A Pareto-optimal compositional energy-based model for sampling and optimization of protein sequences
This work addresses the problem of designing protein sequences with multiple desired properties for researchers in computational biology and drug discovery, representing a novel method for a known bottleneck rather than an incremental improvement.
The paper tackled the challenge of multi-objective optimization in protein sequence design, where properties are independent or orthogonal, by proposing a Pareto-compositional energy-based model (pcEBM) that uses multiple gradient descent to sample sequences adhering to various constraints, and demonstrated its ability to learn non-convex Pareto fronts and generate sequences satisfying multiple desired properties in real-world antibody design tasks.

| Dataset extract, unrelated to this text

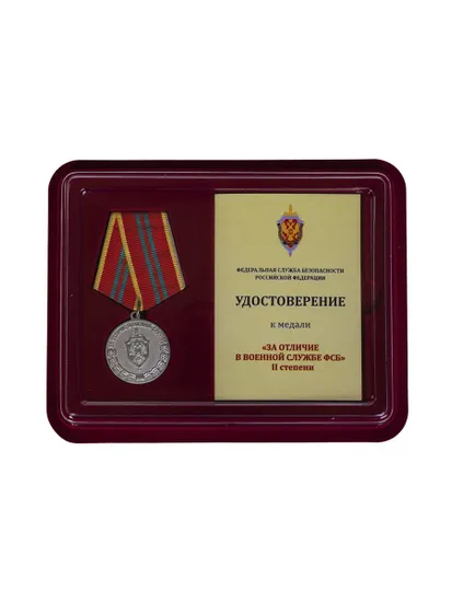 Медаль ФСБ РФ За отличие в военной службе II степени в футляре с удостоверением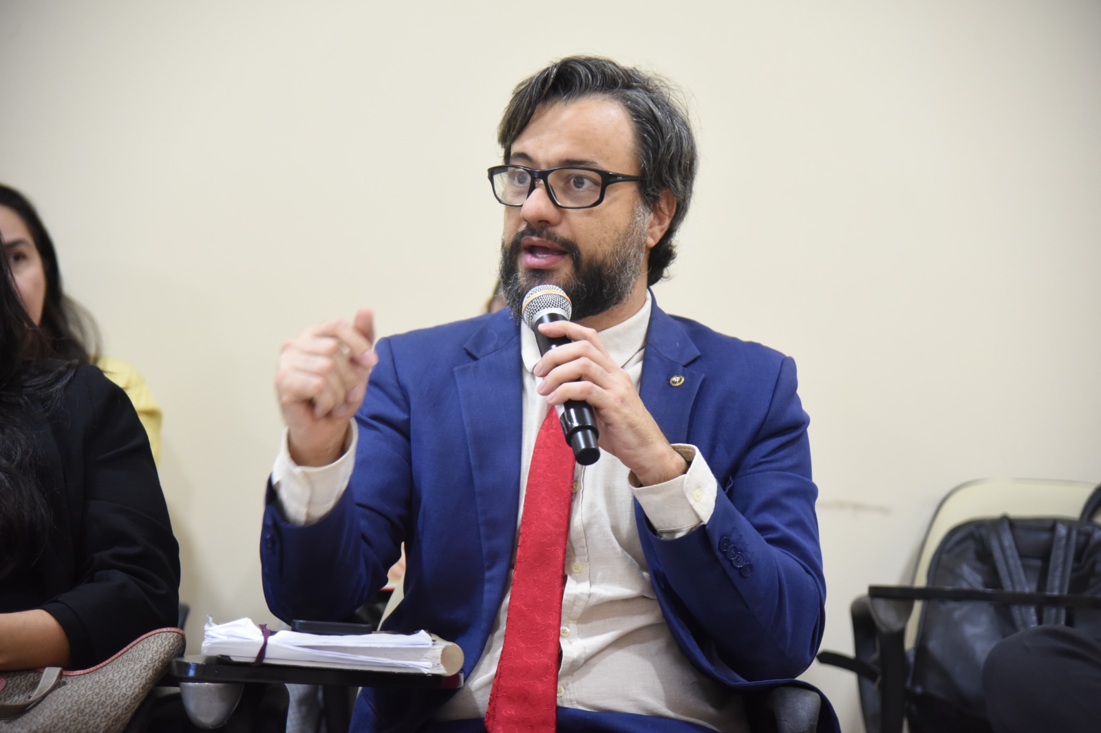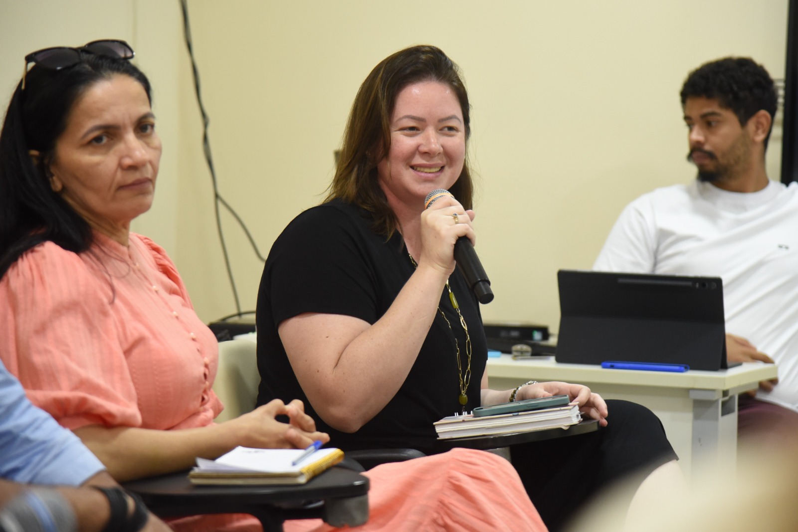 O debate, realizado na Escola do Poder Judiciário do Acre (Esjud), contou com a participação das juízas de Direito Andréa Brito e Gláucia Gomes, do juiz Hugo Torquato, além de representantes do Ministério Público e Defensoria Pública Estadual, do Instituto de Administração Penitenciária do Acre (Iapen/AC) e do Escritório Social.

Deep generative models have emerged as a popular machine learning-based approach for inverse design problems in the life sciences. However, these problems often require sampling new designs that satisfy multiple properties of interest in addition to learning the data distribution. This multi-objective optimization becomes more challenging when properties are independent or orthogonal to each other. In this work, we propose a Pareto-compositional energy-based model (pcEBM), a framework that uses multiple gradient descent for sampling new designs that adhere to various constraints in optimizing distinct properties. We demonstrate its ability to learn non-convex Pareto fronts and generate sequences that simultaneously satisfy multiple desired properties across a series of real-world antibody design tasks.